Memory efficiency improves dramatically because Engram offloads static knowledge from expensive GPU memory to host CPU memory. Empirical results demonstrate that offloading a 100B-parameter lookup table to host memory incurs negligible overhead (less than 3%). This enables massive knowledge bases without proportional GPU memory costs, while supporting much longer effective context windows.
For reasoning and knowledge-intensive tasks, Engram delivers measurable improvements over comparable MoE-only architectures. Benchmarks show particular gains in multi-hop reasoning and long-context understanding—tasks that benefit from quick access to established knowledge while applying neural computation to novel reasoning steps.
Just before the release of this blog, DeepSeek, Peking University, and Tsinghua University introduced DualPath. The system aims to solve a massive I/O bottleneck in long-context agentic inference. Since decoding engines often sit idle while prefill engines are overwhelmed moving KVcache from storage, DualPath uses those idle engines to load the cache and transfer it to the prefill engines via RDMA. DualPath improves offline inference throughput by up to 1.87x and online inference by 1.96x. I see no reason why DualPath wouldn’t be incorporated into DeepSeek V4’s inference.
Model1: New Clues to DeepSeek V4?
Just over a year after DeepSeek-R1 became the most-liked model on Hugging Face, sharp-eyed developers have spotted a mysterious “Model1” in recent code updates to the FlashMLA library. The timing is suggestive—could Model1 be the codename for DeepSeek V4?

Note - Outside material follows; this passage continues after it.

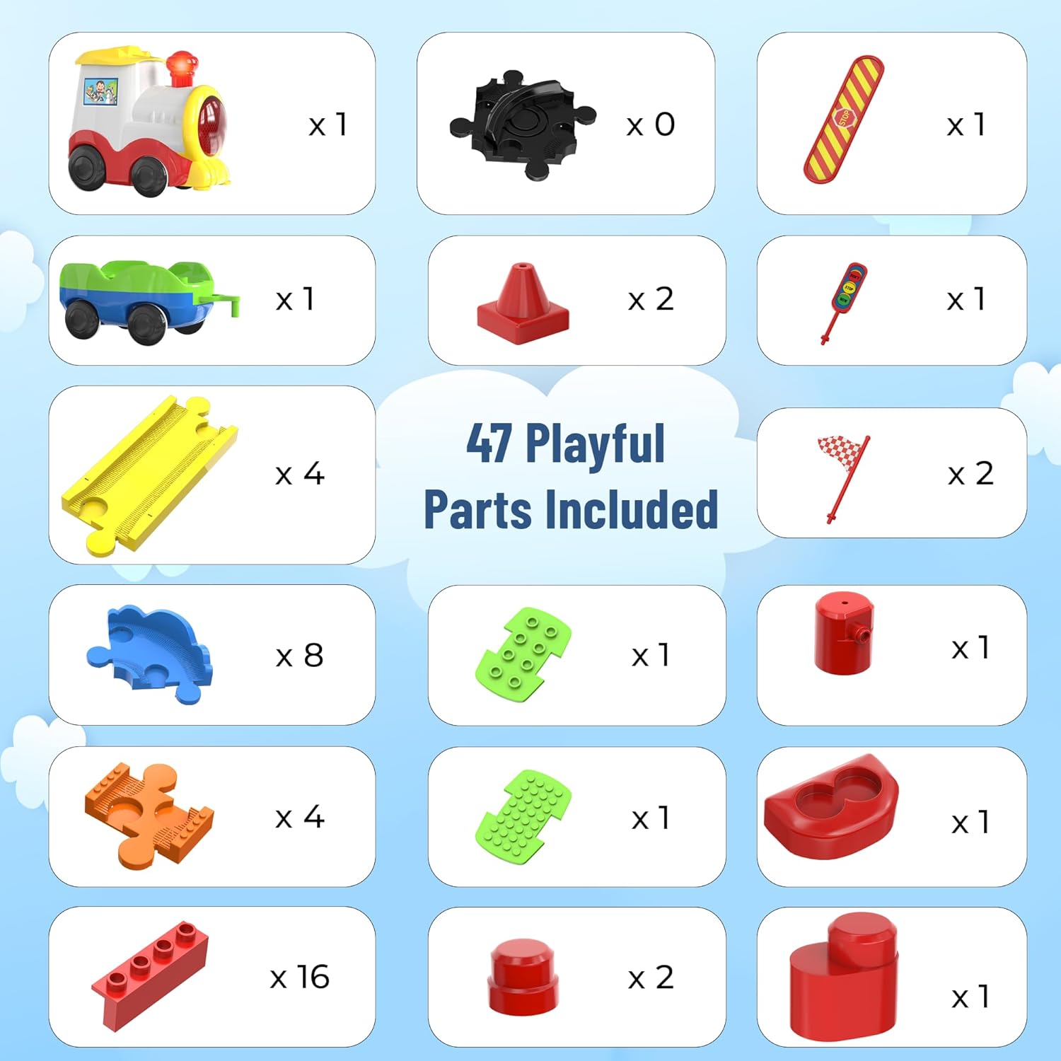 - bp 2- Compatible with Universal Blocks: The Mirana Block Rider Train Set is compatible with all major block brands, allowing children to expand their tracks and build custom layouts using their favorite blocks;Light and Engine Sounds for Enhanced Play: This train set comes to life with lights and engine sounds that create a realistic atmosphere, making every ride more exciting and engaging for kids.

Analysis of recent commits reveals several architectural signatures suggesting Model1 is an entirely new flagship model:
The 512-Dimensional Shift: Model1 switches from V3.2’s 576-dimensional configuration to 512 dimensions, likely optimizing for NVIDIA’s Blackwell (SM100) architecture where power-of-2 dimensions align better with hardware.

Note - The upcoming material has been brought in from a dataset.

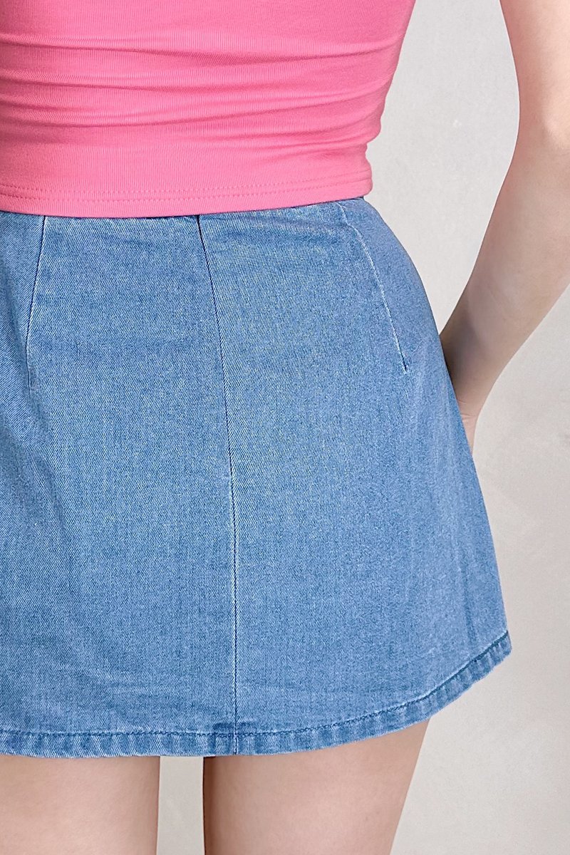 Say hello to your new everyday essential: the Arianna Skorts. Blending the look of a classic denim mini skirt with the comfort of hidden shorts, this piece is all about effortless style and ease of movement.
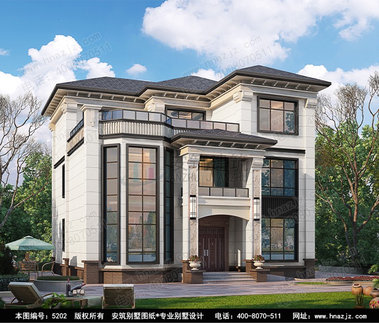 | 5202三层新中式挑空客厅农村别墅设计图纸 | |

Blackwell GPU Optimization: New SM100-specific interfaces, CUDA 12.9 requirement, and performance benchmarks showing 350 TFlops on B200 for sparse MLA operations represent deep integration with next-generation hardware.
Token-Level Sparse MLA: Separate test scripts for sparse and dense decoding indicate parallel processing pathways. The implementation uses FP8 for storing KV cache and bfloat16 for matrix multiplication, suggesting design for extreme long-context scenarios.
Value Vector Position Awareness (VVPA): This new VVPA mechanism likely addresses a known weakness in traditional MLA—positional information decay over long contexts. As sequences extend into hundreds of thousands of tokens, compressed representations can lose fine-grained positional details. VVPA appears designed to preserve this spatial information even under aggressive compression.
Engram Integration: References to Engram throughout the codebase suggest deep integration into Model1’s architecture.
I believe V4 and R2 will remain among the best open-source LLMs available, potentially even narrowing the gap with leading proprietary models. However, since DeepSeek R1’s release over a year ago, the competitive race to push LLM capabilities forward has only intensified. The “DeepSeek effect” has motivated several other Chinese AI labs—including Moonshot AI, MiniMax, and Zhipu—to redouble their efforts in releasing top-tier LLMs. This doesn’t even account for tech giants Alibaba and ByteDance, both of which are producing frontier models while simultaneously expanding into chatbots, AI cloud services, chips, and hardware.
Given this rapidly evolving landscape, expecting another watershed “DeepSeek moment” like the one in early 2025 seems nearly impossible.